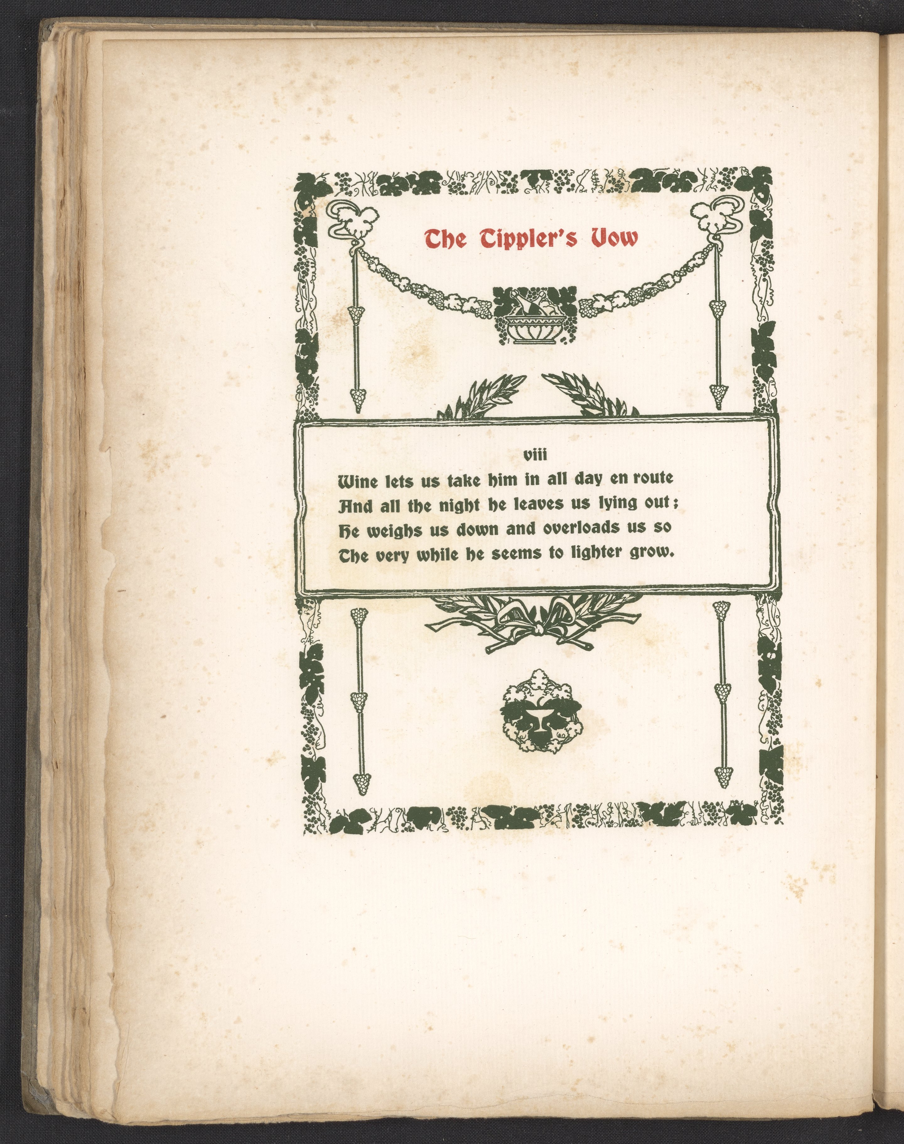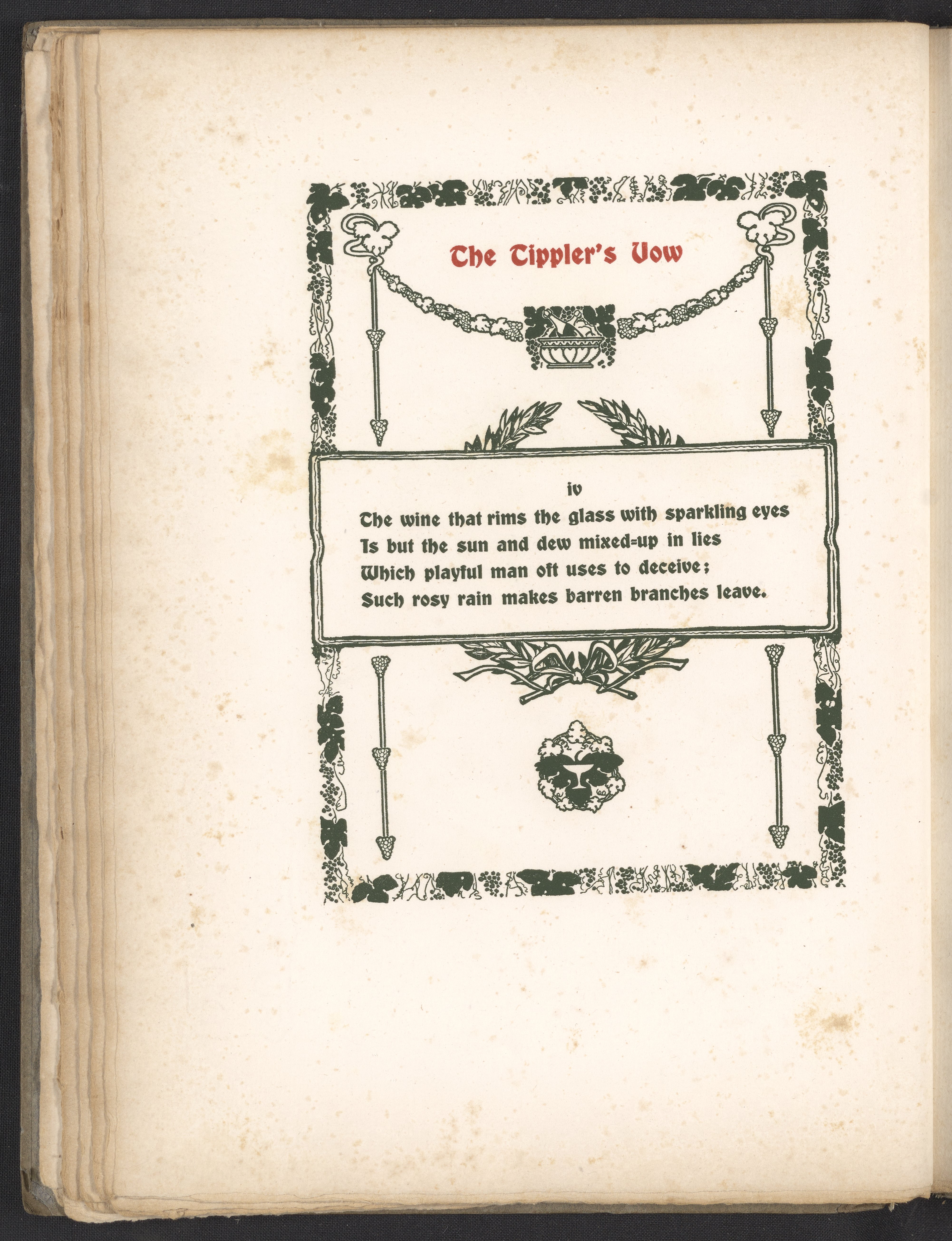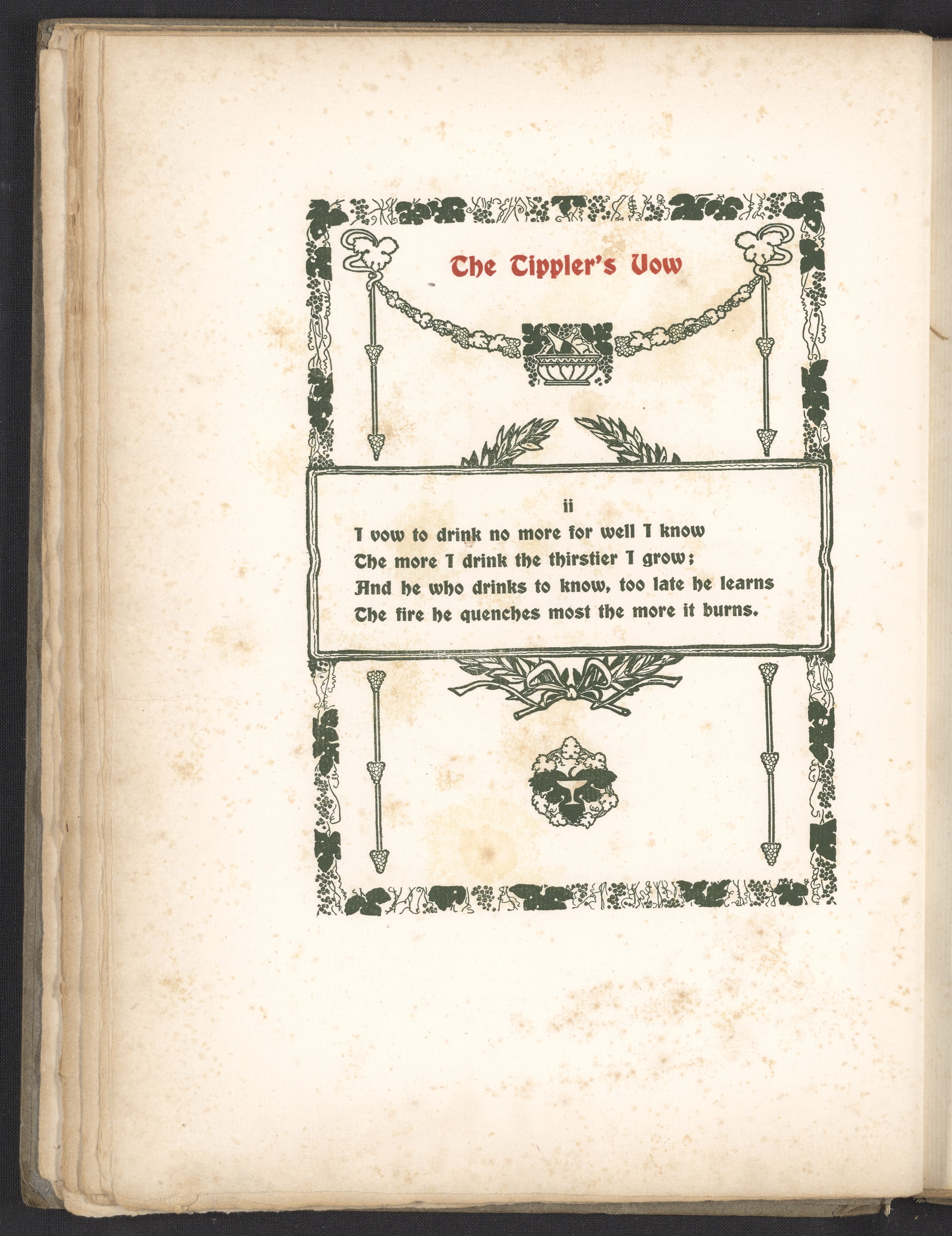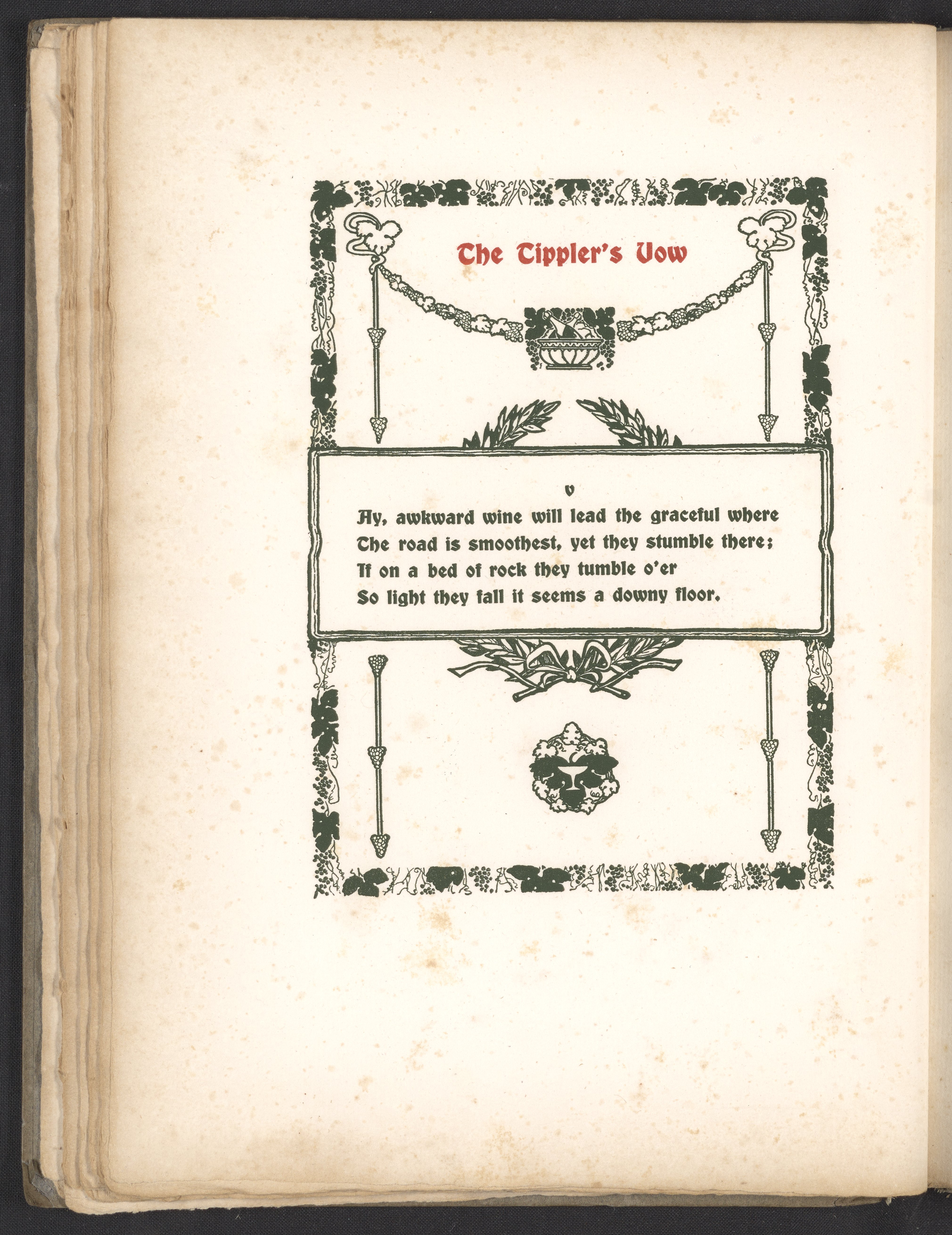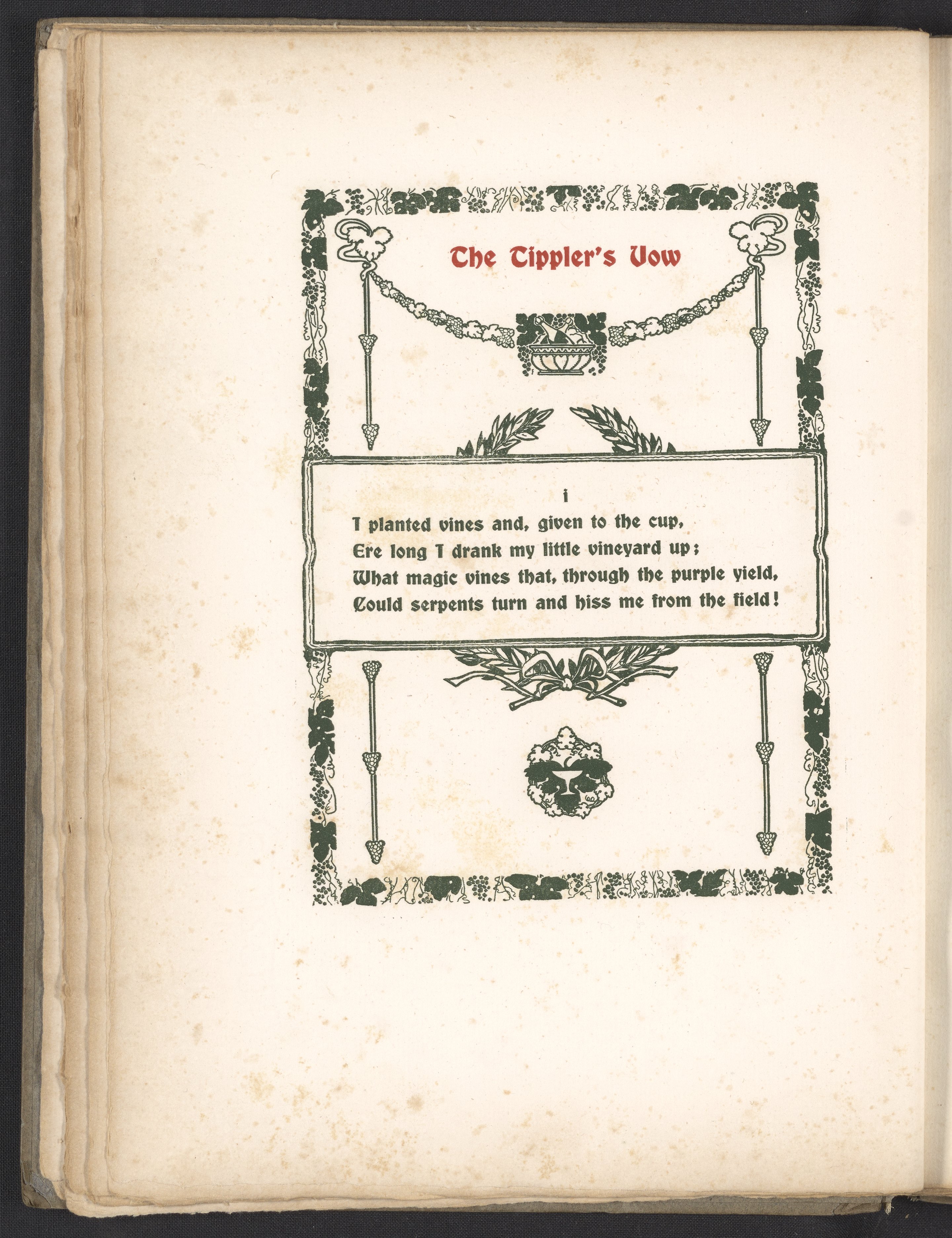 Small JPG1200 x 1554px — 347 KBLarge JPG2880 x 3729px — 2.4 MBFull-sized JPG4029 x 5217px — 4.5 MBOriginal fileTIFF — 4029 x 5217px — 60.2 MBVolume containing a poem of 25 strophes by Lee Fairchild (1860-1910). The poem, written in the first-person point of view, is a promise to embrace temperance. It is printed first, continuously, then each verse is printed on a separate leaf with an illustration on the opposite page. Finally, the poem is reprinted as it was first published in February 1901 in 17 strophes. The edition was limited to 750 numbered copies and this particular volume is number 616 of 750. It is printed on Holland paper and includes 26 original drypoint etchings by Romanian artist Jean de Paleologue (1855-1942). Many of the leaves in this copy are unopened and its pages are uncut. The work's flyleaf includes an inscription from the author.
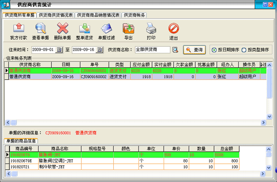 在往來帳務(wù)窗口中共分為三部分:供貨商所有單據(jù)、供貨商商品銷售情況、供貨商帳務(wù)。 |
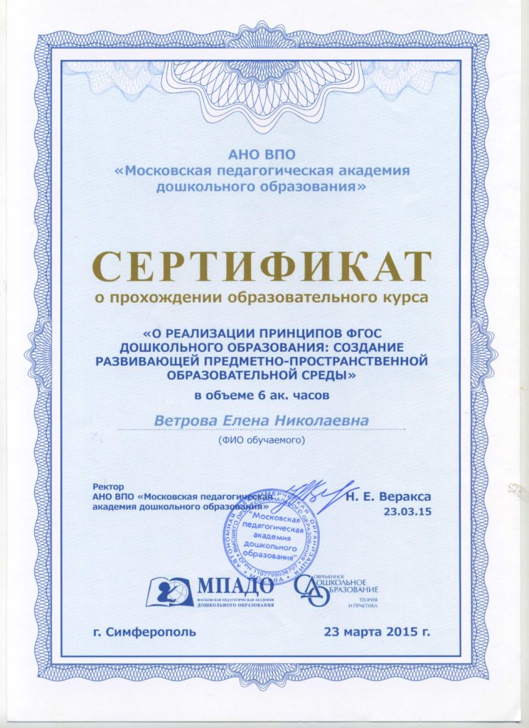 Образовательный курс «О реализации принципов ФГОС дошкольного образования: создание развивающей предметно-пространственной образовательной среды»
※
Assignment
When you retype the listing above, keep each line exactly as written and drop the pictures.

Solution to the exercise
 Small JPG1200 x 1554px — 347 KBLarge JPG2880 x 3729px — 2.4 MBFull-sized JPG4029 x 5217px — 4.5 MBOriginal fileTIFF — 4029 x 5217px — 60.2 MBVolume containing a poem of 25 strophes by Lee Fairchild (1860-1910). The poem, written in the first-person point of view, is a promise to embrace temperance. It is printed first, continuously, then each verse is printed on a separate leaf with an illustration on the opposite page. Finally, the poem is reprinted as it was first published in February 1901 in 17 strophes. The edition was limited to 750 numbered copies and this particular volume is number 616 of 750. It is printed on Holland paper and includes 26 original drypoint etchings by Romanian artist Jean de Paleologue (1855-1942). Many of the leaves in this copy are unopened and its pages are uncut. The work's flyleaf includes an inscription from the author.
 在往來帳務(wù)窗口中共分為三部分:供貨商所有單據(jù)、供貨商商品銷售情況、供貨商帳務(wù)。 |
 Образовательный курс «О реализации принципов ФГОС дошкольного образования: создание развивающей предметно-пространственной образовательной среды»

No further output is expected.